Mozart once wrote his father that his favorite piano maker would leave his soundboards outside through a whole winter; the ones that didn't crack apart were the ones he used. During the Renaissance, lute players were advised to put their instruments under the covers of their beds in the morning to keep them moist and calm. Your lute was like a mistress, best residing between the sheets, adorable but fickle and hard to keep in tune.

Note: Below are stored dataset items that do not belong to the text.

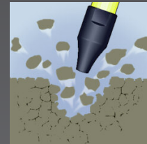
The crevices explode from the energy built-up from the forced compressed air, crumbling the soil and leaving it dry for easy vacuuming and backfilling.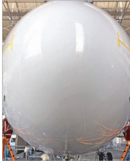
Protective boot installation on radome with internal static diverters.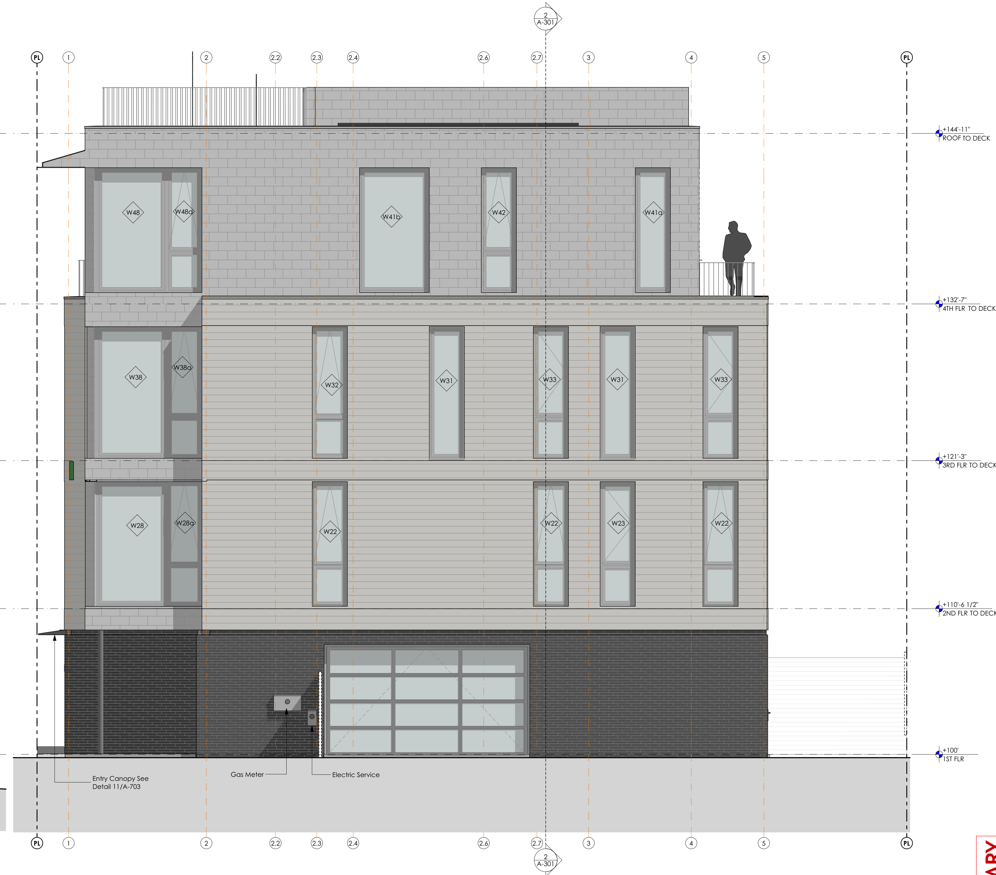
2 EAST ELEVATION (OCEAN) SCALE: 1/4" = 1'-0"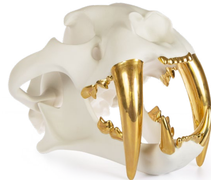
0008135.709 Saber Tiger cm. 40 x 29 x 29

Nowadays, seeking the aesthetic component and the concept, he gets his ideas from the same sources he created when playing as a child, daydreaming with what is usually around him every day.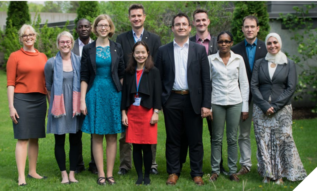
The newly elected Executive Committee gathers in the garden of Le Château Montebello.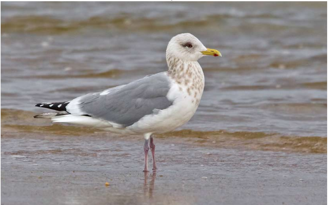
224 Thayer's Gull / Thayers Meeuw Larus thayeri , adult, San Ciprian, Galicia, Spain, 23 March 2013 (Vincent Legrand)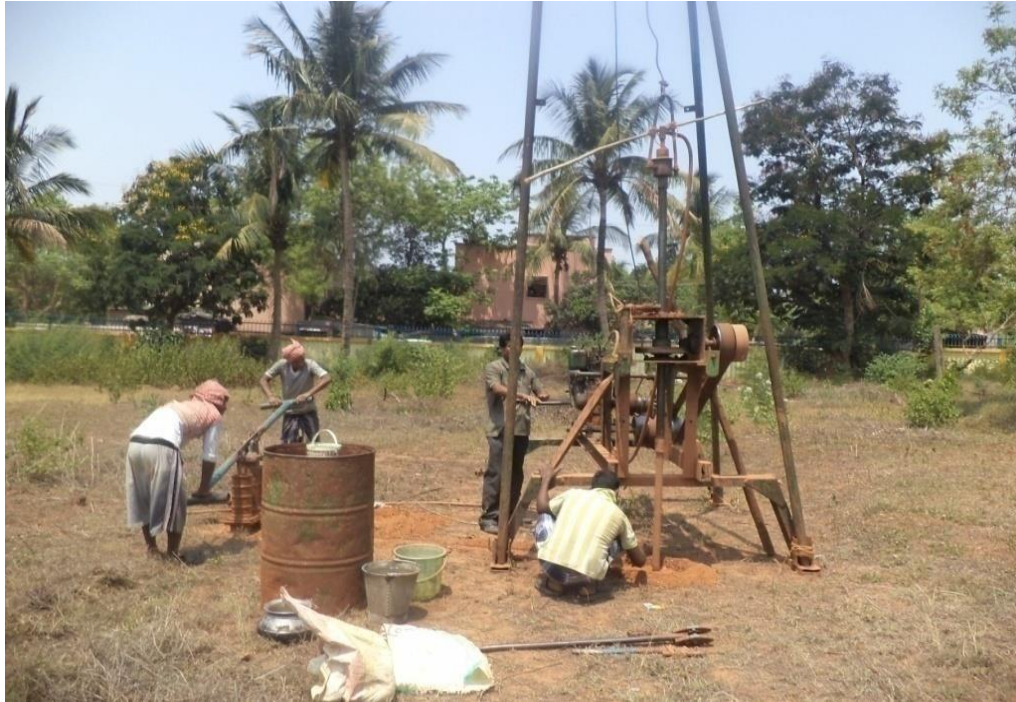
Geotechnical Investigation at Project Site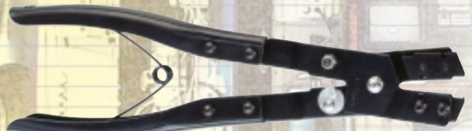
Pincer with return spring for Stepless® Low Profile Clamps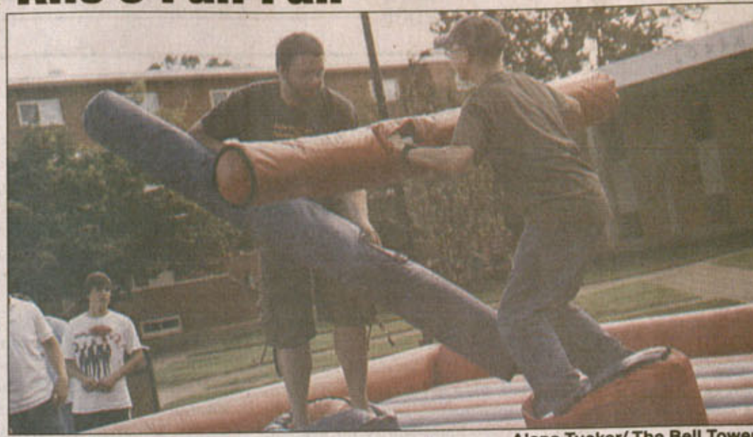
Students took the opportunity to hit one another, all in good fun.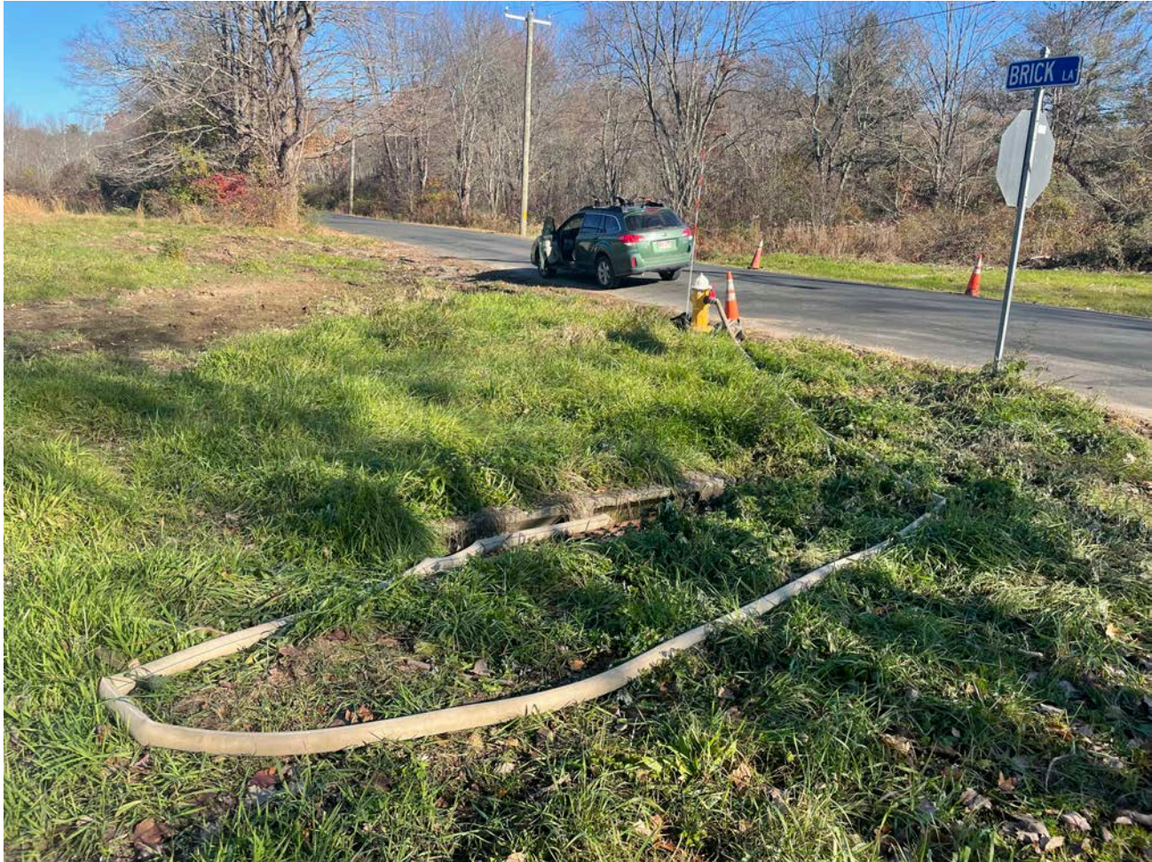
Picture 7: Ludlow draining water from the water lines on Pickett Lane and Maiden Lane from the hydrant located on Brick Lane next to where it intersects Maiden Lane. The water is being discharged to a storm drain located on the northwest corner of the intersection of Brick Lane and Maiden Lane. View to the northeast.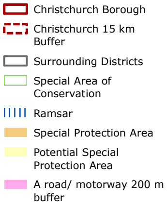
Figure 4.1: Trunk Roads Within and Around Christchurch Borough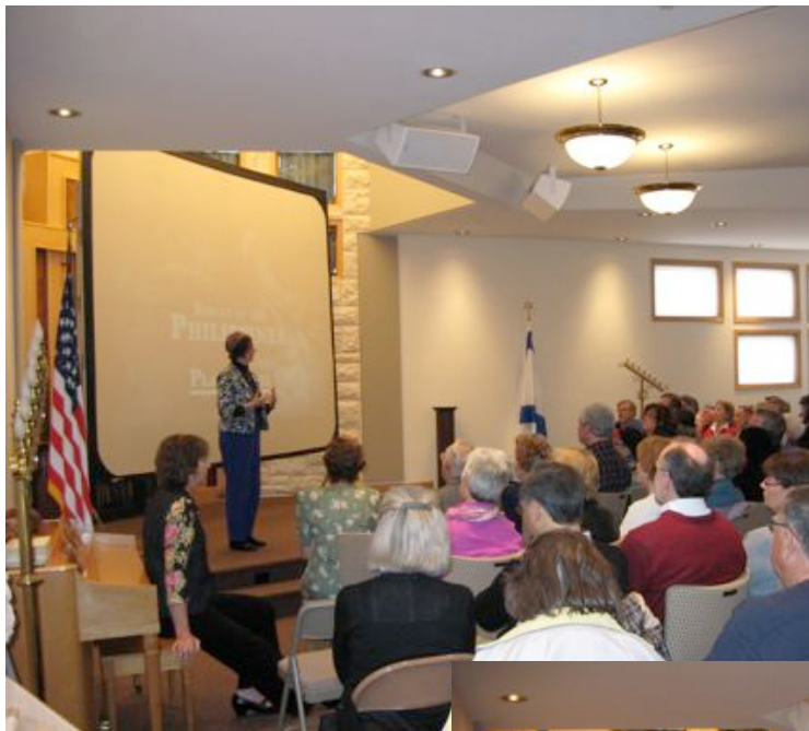
Rescue in the Philippines at CBA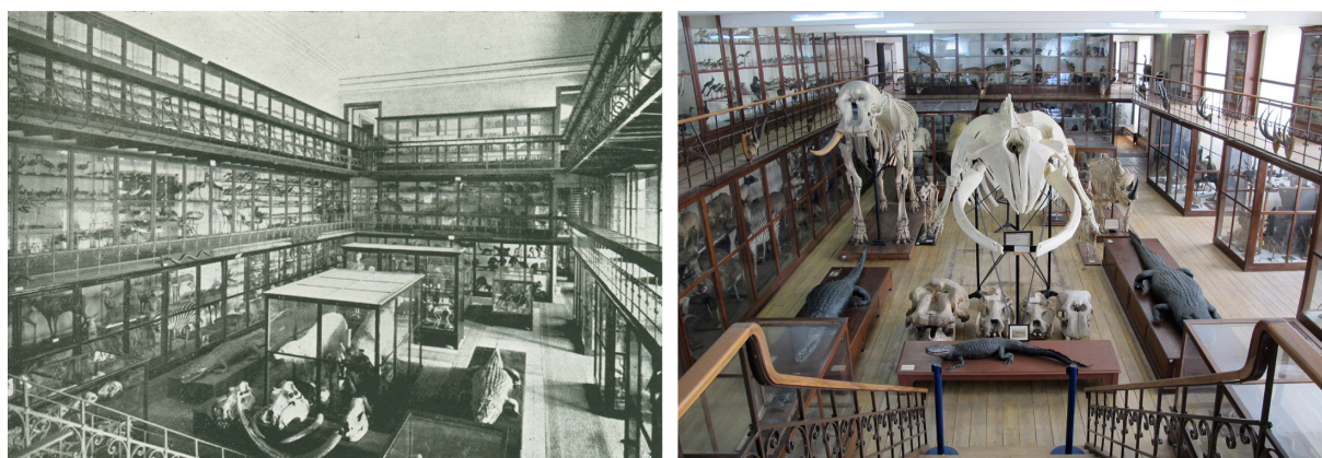
Figure 2. Picture of the General room of the Museu de História Natural da Universidade do Porto at the beginning of the twentieth century (left) and actual picture of the same room (right).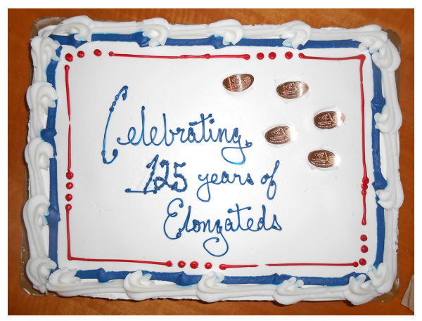
Cake "Celebrating 125 Years of Elongateds."

The TEC store is crammed full of elongated delights; visit it at <a href="https://www.tecnews.org/store/">https://www.tecnews.org/store/</a>. Elsewhere on the website, you can engage in various ongoing discussions, see what is happening in the wonderful world of elongateds and even join the funnest club in numismatics.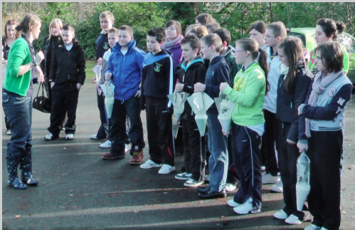
The students get ready to launch their own rockets into space!!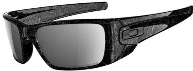
Black Grey History Text / Black Iridium Polarized OO9096-07 Cost: $170.85(c)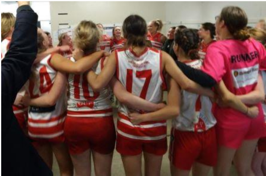
OFC women celebrate their best win so far.

The girls came into our return match against Belgrave (at Beacy) having learnt a lot from playing Yarra Junction the week before in really difficult conditions. We worked on our midfield clearance setup, our defensive structures and continued to work on our ball use and running efforts during training this week. Our game this week would show us how far we've come, especially given that we expected a stronger Belgrave side than we faced in Round 1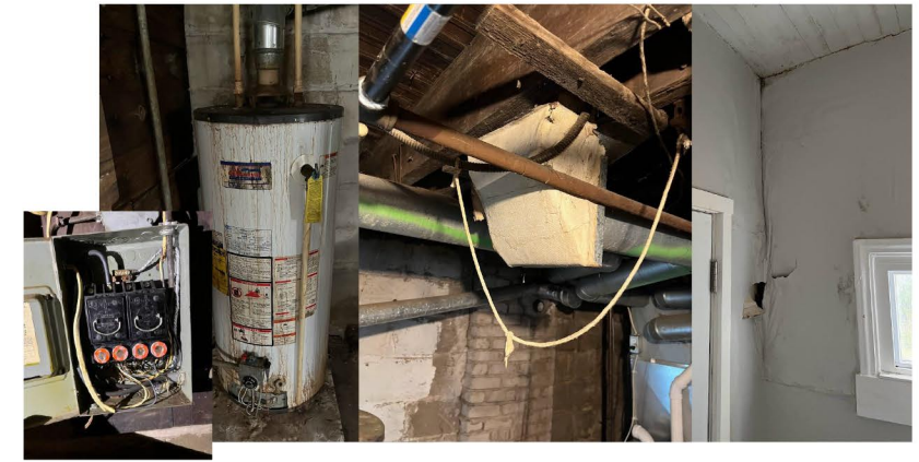
TOO COLD !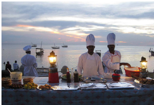
Forodhani Park revitalisation included the upgrading of vendors' area and equipment as well as training on sanitation, hygiene and service.

In the modern world, nothing in music is more tragicomic than the subject of double-reed instruments like the oboe and bassoon. If you're an oboist or bassoonist in a high-school band, you buy ready-made reeds. Otherwise, you make your own from scratch, using expensive aged cane from particular terroirs, preferably in southern France. Cutting and trimming and binding and shaving reeds consumes a good deal of your days, while other musicians are practicing and regular people are having fun or making love. If you play the oboe seriously, much of your free time is spent making reeds, not love. Besides being ridiculously fragile, reeds are also sensitive to humidity, which on a soggy night can turn an orchestral woodwind section into a squawkfest.
A professional oboist will tell you more than you need to know about what constitutes a Mozart reed, a Mahler reed, a Stravinsky reed, and so on. If he plays in a pops orchestra, there's probably a Lennon/McCartney reed. If he wants to show you his reed knife, which is razor sharp, you should keep an eye on the exit. Reed making and the pressure on the brain that comes from blowing into an oboe can do unpredictable things to a person.
Actually, every instrument does you harm in one way or another, physically and mentally. Violinists and violists have a permanent bruise under their chins from the chin rest; clarinetists have receding jaws; piccolo players tend to be hard of hearing (likewise any orchestral players sitting in front of the brass or percussion sections). And whether they started that way or got that way en route, a certain percentage of drummers are simply nuts. Which is all to say that acoustic instruments are living things, as we say of wines, violas, lutes, and mridangams, and living things are always messing with you, though they can also be quite lovely some of the time.